I increasingly have the suspicion that intense adherents to specific, rigorous theoretical frameworks are not acting in their best interests. By "best interests" I mean general benefit; by "theoretical frameworks" I mean something some guy once wrote or said. If "theoretical frameworks" is an unfamiliar concept to you, surely the notion of taking something someone more brilliant than you once wrote or said, and peppering those sentiments in amongst the pithy observations you yourself have made, strikes a certain chord. "Theoretical frameworks" is a more intense version of that. Anything with an "-ism" is, once was, or soon will be a theoretical framework. Also any term incorporating a proper name (e.g. Marxian, Freudian, Lacanian, Barthesian, Hegelian, ad infinitum...).
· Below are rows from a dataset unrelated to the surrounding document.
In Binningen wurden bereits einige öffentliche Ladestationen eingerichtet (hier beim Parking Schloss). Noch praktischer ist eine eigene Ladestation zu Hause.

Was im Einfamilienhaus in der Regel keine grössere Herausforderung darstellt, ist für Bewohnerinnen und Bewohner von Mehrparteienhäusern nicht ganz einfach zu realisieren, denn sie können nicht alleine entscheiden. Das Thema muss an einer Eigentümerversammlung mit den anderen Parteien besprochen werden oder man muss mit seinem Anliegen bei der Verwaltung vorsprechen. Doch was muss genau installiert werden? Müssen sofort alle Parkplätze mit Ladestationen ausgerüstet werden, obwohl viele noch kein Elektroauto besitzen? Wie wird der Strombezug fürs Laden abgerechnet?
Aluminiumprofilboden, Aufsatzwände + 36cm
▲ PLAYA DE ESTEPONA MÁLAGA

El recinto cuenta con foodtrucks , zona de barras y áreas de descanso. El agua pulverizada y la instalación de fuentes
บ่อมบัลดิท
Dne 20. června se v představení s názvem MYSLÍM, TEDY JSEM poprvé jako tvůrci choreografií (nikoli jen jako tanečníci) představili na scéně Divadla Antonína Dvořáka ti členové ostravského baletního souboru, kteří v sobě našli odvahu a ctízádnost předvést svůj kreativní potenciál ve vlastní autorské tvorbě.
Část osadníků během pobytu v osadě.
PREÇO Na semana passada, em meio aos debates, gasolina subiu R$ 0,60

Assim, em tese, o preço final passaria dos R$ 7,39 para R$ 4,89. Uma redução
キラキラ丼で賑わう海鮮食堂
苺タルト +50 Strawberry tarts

The observations of these thinkers are truly great, and I write that completely without irony. It is really amazing to read the things Marx wrote some two hundred years ago, and to read how those things were taken up by Marxists of later generations, debated in academic circles as autonomous "concepts," ultimately "posted" by post-Marxists; and yet still these things Marx wrote maintain a vibrancy that keeps them illuminating even to this day. It is the same of the other theoretical frameworks.
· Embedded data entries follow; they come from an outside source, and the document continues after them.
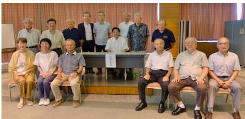
【講演会終了後に全員にて記念撮影】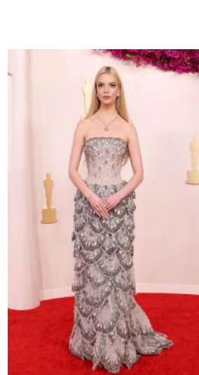
Anya Talor-Joy en Dior Haute Couture et en bijoux Tiffany & Co

Elle n'a malheureusement pas été nommée dans la catégorie de la meilleure actrice. Mais avec cette tenue marron elle casse l'image de la Barbie habillée tout de rose, ce qui pour nous lui vaut bien la 3ème place.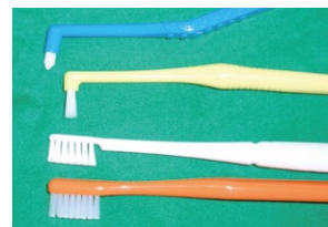
通常の歯ブラシと届きにくい歯間部分を磨く歯ブラシ（上2本）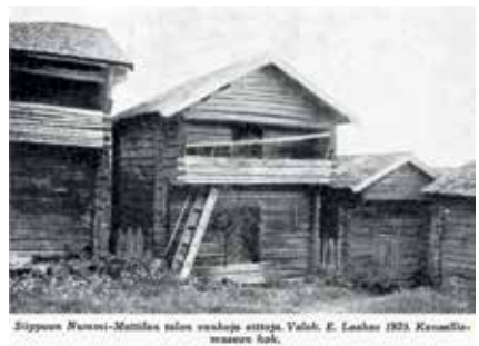
Nummisuutarien hääkohtaus filmattiin vuonna 1956 Nummi-Mattilassa.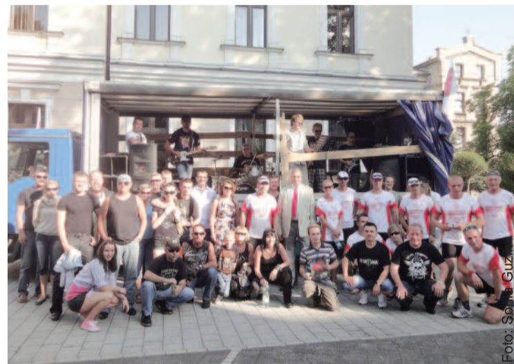
Pamiątkowe zdjęcie biegaczy i towarzyszącej im ekipy przed starostwem.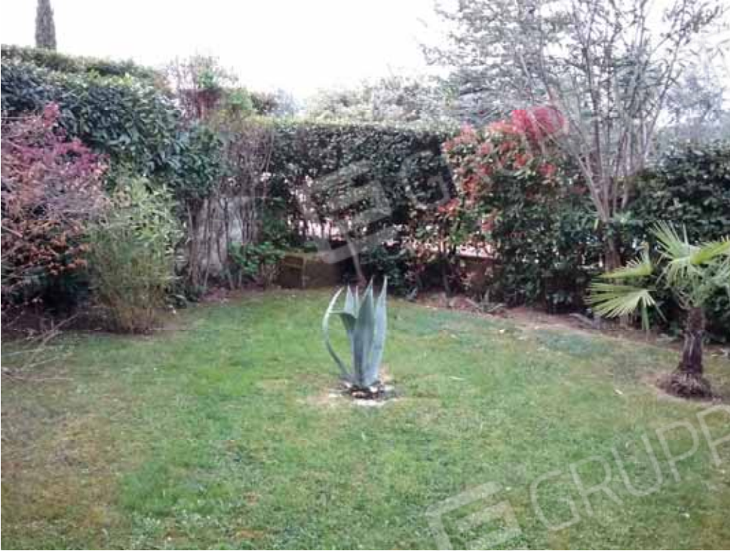
Foto 46: Veduta del giardino esclusivo del bilocale INTERNO 2 - LOTTO n. 3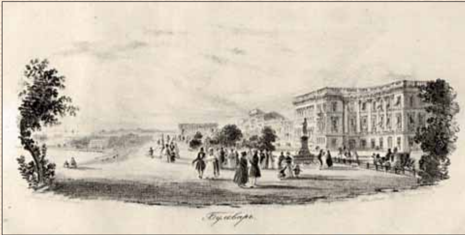
Μικολαΐθςκιη βυλβάρ β Οδεσί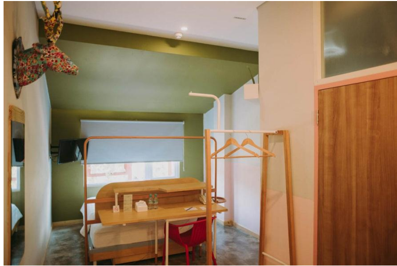
Sumber : hotel Pana House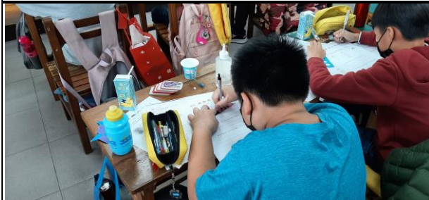
說明：學生填寫男女大不同學習單，加深印象。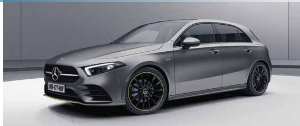
▲ Nouvelle Classe A 180 d Edition 1 avec Toit ouvrant panoramique (413)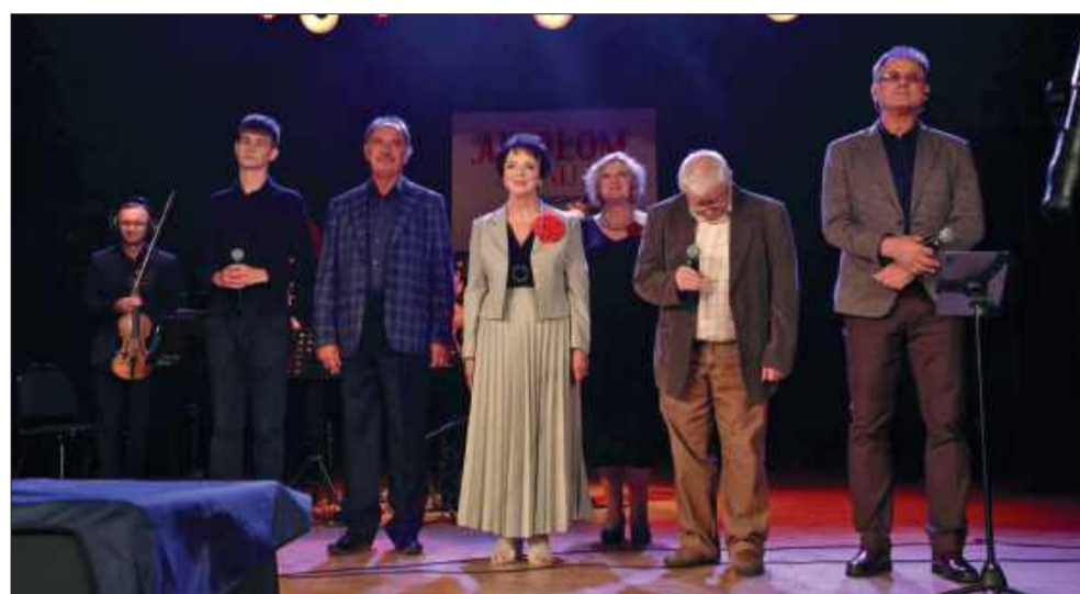
Uroczysta inauguracja 19. roku akademickiego Mieleckiego Uniwersytetu Trzeciego Wieku.

Ich działalność to nie tylko nauka i rozwój osobisty, ale także budowanie więzi międzyludzkich i społecznych. MUTW odgrywa ważną rolę w życiu Mielca – łącząc pokolenia, inspirując do działania i promując ideę aktywnego starzenia się.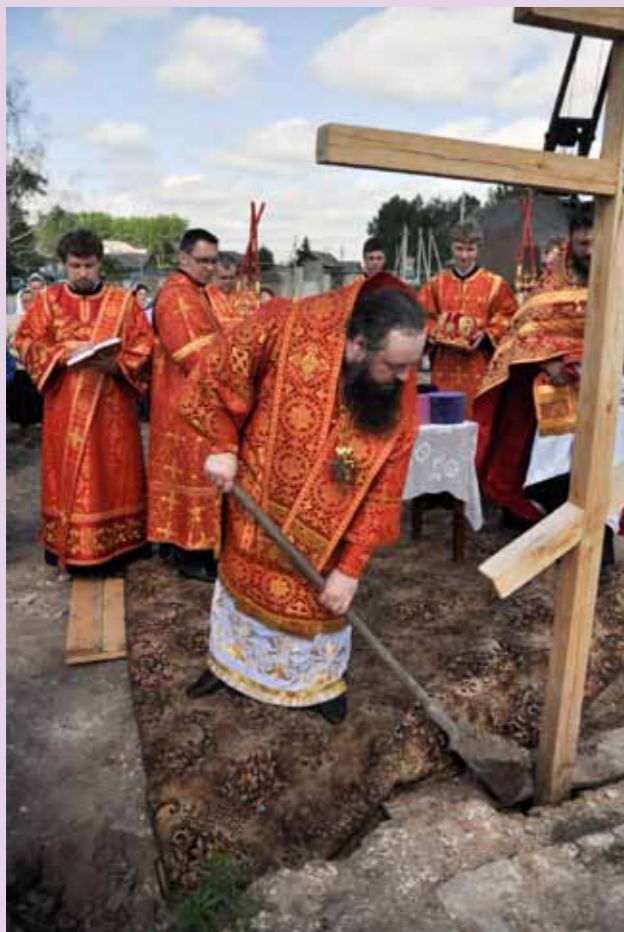
Закладка храма в с. Тешнярь Сосновоборского района. 29 мая 2013 г.

What I have noticed is the tendency of certain "Marxists"--and I mean here especially students, graduate or otherwise, teachers and armchair academics, not necessarily the Raymond Williams's and the Fred Jameson's, though I guess they are as well implicated--to commit so whole-heartedly to the world-view of "Marxism" that the world-view thus inscribed is no longer in their best interests. That is to say, Why keep refiguring the world as an oppressive one, in the style of Marx, when it is not in your best interests to think of the world in the style of Marx?

At the outset, this proposition reeks of plain defeatism. But there is a deeper idea I am trying to get at: that is, Why would anyone believe so strongly in any of these theoretical frameworks to begin with? A theoretical framework is an abstract grid, laid over the world; it prescribes, at least partially, the world it spits back at you. The obsessive impulse to lay this or that grid inexhaustibly over the world demonstrates a desire to master the world with this or that grid, and, in this respect, the adherent to theoretical frameworks implicitly accepts and endorses the world-view his or her theoretical framework posits. Which is to say that "Marxism" is a tainted concept, if only in so far as it habitually asserts and re-asserts the inferior position of the "Marxist" in relation to the dominant culture. It is the same of the other theoretical frameworks.
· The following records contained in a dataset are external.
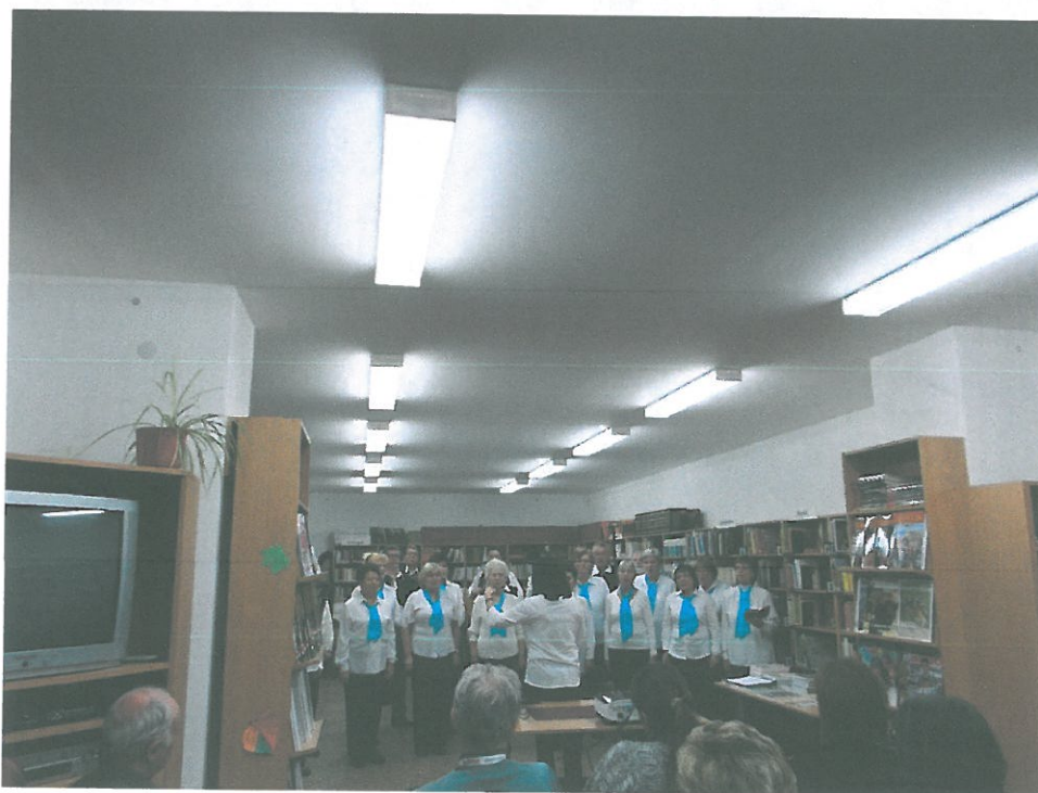
Tevel, 2017. 01. 22.

Magyarok a Szovjetúnió táborában, templomi hangverseny és kiállításmegnyitó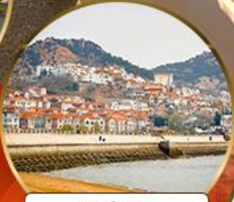
ซาจี้โข่ว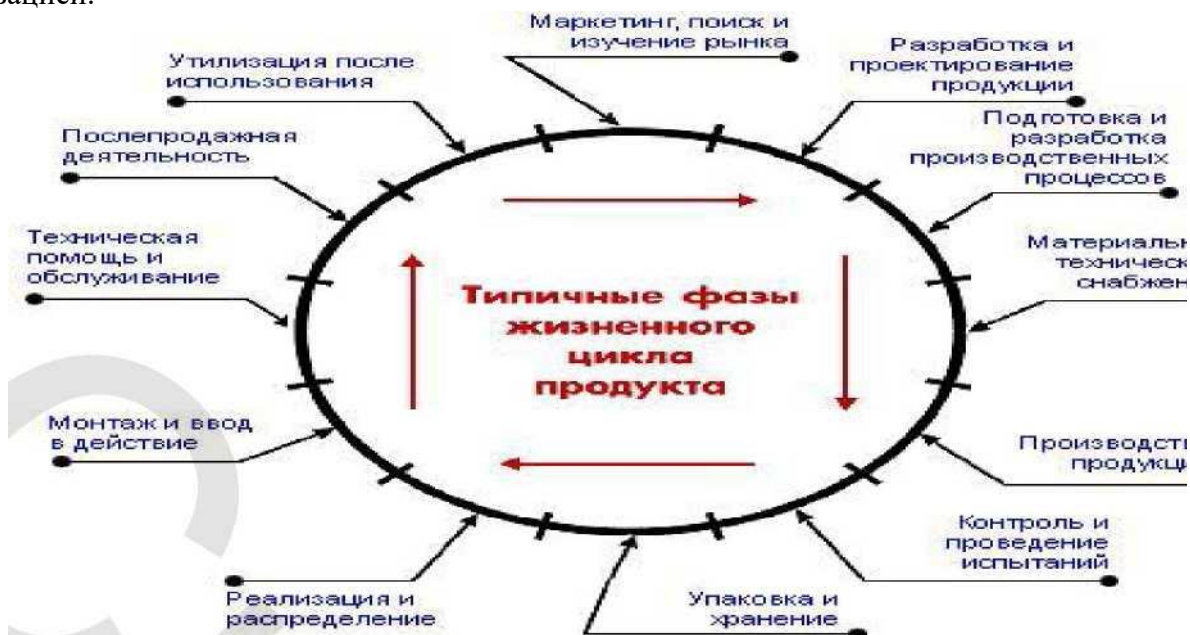
Рис. 2. Типичные фазы жизненного цикла продукции (петля качества)

Пользуясь петлей качества (рис. 2) определить все жизненно важные стадии производства продукции конкретного предприятия, начиная с маркетинга и заканчивая утилизацией.

This does not seem to be in our best interests.

Comments

1. People act not in their own interest all the time--we vote for things that might negatively affect us because we think they are the RIGHT THING, or because they help someone in a worse situation than us, etc. We save drowning people while knowing we might drown ourselves. Even though it's frustrating when applied to working class Republicans, the ability to not act in our own interests seems to me to be something that separates us from the animals, and is kind of cool.

2. People love being the underdog. Constantly recasting the world in such a way that you--as "Marxist" or whatever--remain an underdog allows you to maintain a certain moral position that is more satisfying than re-envisioning yourself as the boss.

3. ?

3. Totally true. A human capacity. Something about elevating something from the personal, everyday, to the level of 'mass' or 'universal' seems to necessarily require acting not in one's best interests.

Maybe that is what defines a 'universal' or a 'mass' theory or a 'democracy'. A statement about the world becomes a 'theory' through sheer virtue of its being not in the speaker's best interests.